The SQL Server query optimiser also seems to have at least one join additional optimisation that Snowflake doesn’t have (compare the results of Snowflake Test 4 vs. Power BI against SQL Test 1) – however this only works because of the simpler join criteria generated by Power BI against SQL Server.
A great deal of this mess is caused by the fact Power BI insists on matching null values in joins in a way that SQL does not, i.e. null==null is TRUE in a Power BI join but FALSE in a SQL join.
What Changes are Needed in Power BI and Snowflake
Power BI
Change 1
An additional setting (checkbox) in Power BI Desktop in the “Merge Queries” function (i.e. an additional argument in the M Table.NestedJoin() function) that controls whether NULL values match in a join would be greatly beneficial. The checkbox could be named “Match NULL values” (default can be TRUE to match todays behaviour). If the checkbox was unticked, then the SQL generated should revert to the native SQL join types, e.g.
“Match NULL values” ticked (default):
X INNER JOIN Y
ON (X.a = Y.b and X.a IS NOT NULL and Y.b IS NOT NULL) OR (X.a IS NULL AND Y.b IS NULL)
See “Change 2” below re: the superfluous SQL that is striked through above.
“Match NULL values” unticked:
X INNER JOIN Y
ON X.a = Y.b
This would solve both of the problems mentioned at the start of this page.
So as an example, we want to be able to generate this SQL against Snowflake:
select "ENGLISHEDUCATION",
sum({ fn convert("SALESAMOUNT", SQL_DOUBLE) }) as "C1"
from
(
select "OTBL"."CUSTOMERALTERNATEKEY",
"OTBL"."SALESAMOUNT",
"ITBL"."ENGLISHEDUCATION"
from "SBOX_CBAILISS_GENERAL"."S01_PBI_JOIN_PROBLEM"."ALTERNATIVESALES" as "OTBL"
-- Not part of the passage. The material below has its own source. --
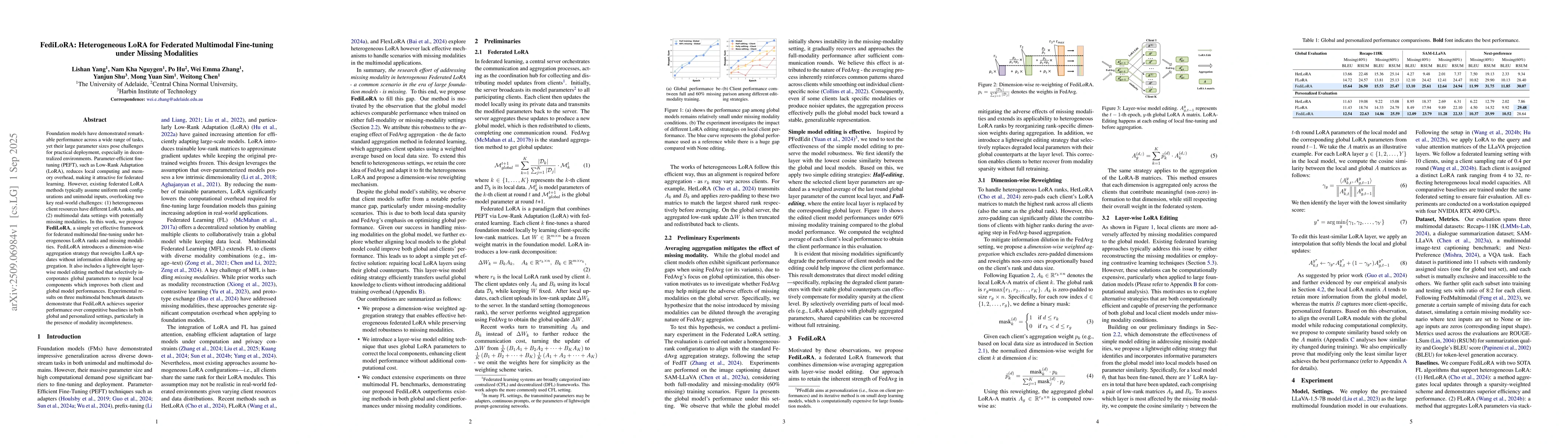 Foundation models have demonstrated remarkable performance across a wide range of tasks, yet their large parameter sizes pose challenges for practical deployment, especially in decentralized environments. Parameter-efficient fine-tuning (PEFT), such as Low-Rank Adaptation (LoRA), reduces local computing and memory overhead, making it attractive for federated learning. However, existing federated LoRA methods typically assume uniform rank configurations and unimodal inputs, overlooking two key real-world challenges: (1) heterogeneous client resources have different LoRA ranks, and (2) multimodal data settings with potentially missing modalities. In this work, we propose FediLoRA, a simple yet effective framework for federated multimodal fine-tuning under heterogeneous LoRA ranks and missing modalities. FediLoRA introduces a dimension-wise aggregation strategy that reweights LoRA updates without information dilution during aggregation. It also includes a lightweight layer-wise model editing method that selectively incorporates global parameters to repair local components which improves both client and global model performances. Experimental results on three multimodal benchmark datasets demonstrate that FediLoRA achieves superior performance over competitive baselines in both global and personalized settings, particularly in the presence of modality incompleteness.

inner join "SBOX_CBAILISS_GENERAL"."S01_PBI_JOIN_PROBLEM"."DIMCUSTOMER" as "ITBL" on "OTBL"."CUSTOMERALTERNATEKEY" = "ITBL"."CUSTOMERALTERNATEKEY"
) as "ITBL"
group by "ENGLISHEDUCATION"
order by "ENGLISHEDUCATION"
LIMIT 1000 OFFSET 0
Instead of this more convoluted SQL:
select "ENGLISHEDUCATION",
sum({ fn convert("SALESAMOUNT", SQL_DOUBLE) }) as "C1"
from
(
select "OTBL"."CUSTOMERALTERNATEKEY",
"OTBL"."SALESAMOUNT",
"ITBL"."ENGLISHEDUCATION"
from "SBOX_CBAILISS_GENERAL"."S01_PBI_JOIN_PROBLEM"."ALTERNATIVESALES" as "OTBL"
inner join "SBOX_CBAILISS_GENERAL"."S01_PBI_JOIN_PROBLEM"."DIMCUSTOMER" as "ITBL" on (("OTBL"."CUSTOMERALTERNATEKEY" = "ITBL"."CUSTOMERALTERNATEKEY" and not "OTBL"."CUSTOMERALTERNATEKEY" is null) and not "ITBL"."CUSTOMERALTERNATEKEY" is null or "OTBL"."CUSTOMERALTERNATEKEY" is null and "ITBL"."CUSTOMERALTERNATEKEY" is null)
) as "ITBL"
group by "ENGLISHEDUCATION"
order by "ENGLISHEDUCATION"
LIMIT 1000 OFFSET 0
Change 2
It would be better if Power BI could generate the same slightly simpler join SQL against Snowflake as it does against SQL Server (i.e. without the SQL striked through above). So even if the checkbox described above were checked to match null values in joins, the SQL generated by Power BI against Snowflake would look like:
select "ENGLISHEDUCATION",
sum({ fn convert("SALESAMOUNT", SQL_DOUBLE) }) as "C1"
from
(
select "OTBL"."CUSTOMERALTERNATEKEY",
"OTBL"."SALESAMOUNT",
"ITBL"."ENGLISHEDUCATION"
from "SBOX_CBAILISS_GENERAL"."S01_PBI_JOIN_PROBLEM"."ALTERNATIVESALES" as "OTBL"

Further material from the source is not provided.